BEGIN

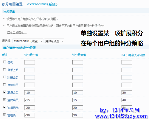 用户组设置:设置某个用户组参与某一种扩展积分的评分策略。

END
BEGIN

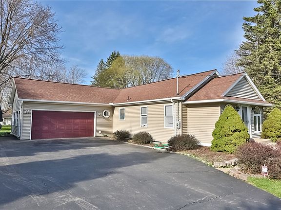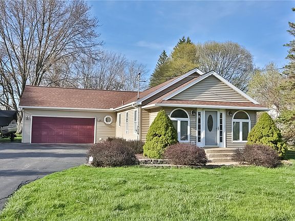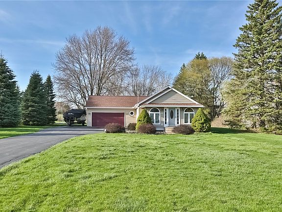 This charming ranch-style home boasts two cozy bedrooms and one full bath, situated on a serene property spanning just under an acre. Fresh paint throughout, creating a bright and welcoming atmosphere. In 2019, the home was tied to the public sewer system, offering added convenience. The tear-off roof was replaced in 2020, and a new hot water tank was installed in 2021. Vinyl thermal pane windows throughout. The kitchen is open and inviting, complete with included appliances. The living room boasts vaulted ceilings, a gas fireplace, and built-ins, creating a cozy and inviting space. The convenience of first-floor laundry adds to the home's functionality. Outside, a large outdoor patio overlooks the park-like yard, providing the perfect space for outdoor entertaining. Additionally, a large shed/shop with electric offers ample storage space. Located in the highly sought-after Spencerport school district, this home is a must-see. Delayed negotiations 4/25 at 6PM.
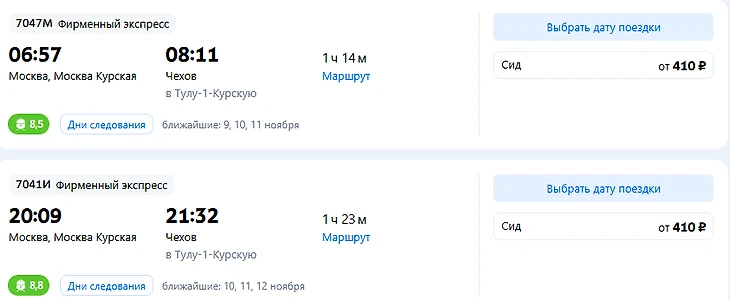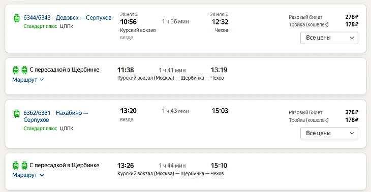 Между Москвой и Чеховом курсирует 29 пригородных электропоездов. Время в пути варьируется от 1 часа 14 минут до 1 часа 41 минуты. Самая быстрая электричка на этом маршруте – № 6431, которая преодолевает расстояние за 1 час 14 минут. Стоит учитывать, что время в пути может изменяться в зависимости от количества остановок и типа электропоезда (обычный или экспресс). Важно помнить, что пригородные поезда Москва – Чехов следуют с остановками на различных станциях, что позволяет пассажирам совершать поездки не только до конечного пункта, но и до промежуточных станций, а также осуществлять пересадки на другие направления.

END

Problem: Nothing but the lines from the one with "This charming ranch-style" up to and including the one with "Между Москвой и" should be printed, exactly as they read above. Please keep the pictures out.

Task answer:
 This charming ranch-style home boasts two cozy bedrooms and one full bath, situated on a serene property spanning just under an acre. Fresh paint throughout, creating a bright and welcoming atmosphere. In 2019, the home was tied to the public sewer system, offering added convenience. The tear-off roof was replaced in 2020, and a new hot water tank was installed in 2021. Vinyl thermal pane windows throughout. The kitchen is open and inviting, complete with included appliances. The living room boasts vaulted ceilings, a gas fireplace, and built-ins, creating a cozy and inviting space. The convenience of first-floor laundry adds to the home's functionality. Outside, a large outdoor patio overlooks the park-like yard, providing the perfect space for outdoor entertaining. Additionally, a large shed/shop with electric offers ample storage space. Located in the highly sought-after Spencerport school district, this home is a must-see. Delayed negotiations 4/25 at 6PM.
 Между Москвой и Чеховом курсирует 29 пригородных электропоездов. Время в пути варьируется от 1 часа 14 минут до 1 часа 41 минуты. Самая быстрая электричка на этом маршруте – № 6431, которая преодолевает расстояние за 1 час 14 минут. Стоит учитывать, что время в пути может изменяться в зависимости от количества остановок и типа электропоезда (обычный или экспресс). Важно помнить, что пригородные поезда Москва – Чехов следуют с остановками на различных станциях, что позволяет пассажирам совершать поездки не только до конечного пункта, но и до промежуточных станций, а также осуществлять пересадки на другие направления.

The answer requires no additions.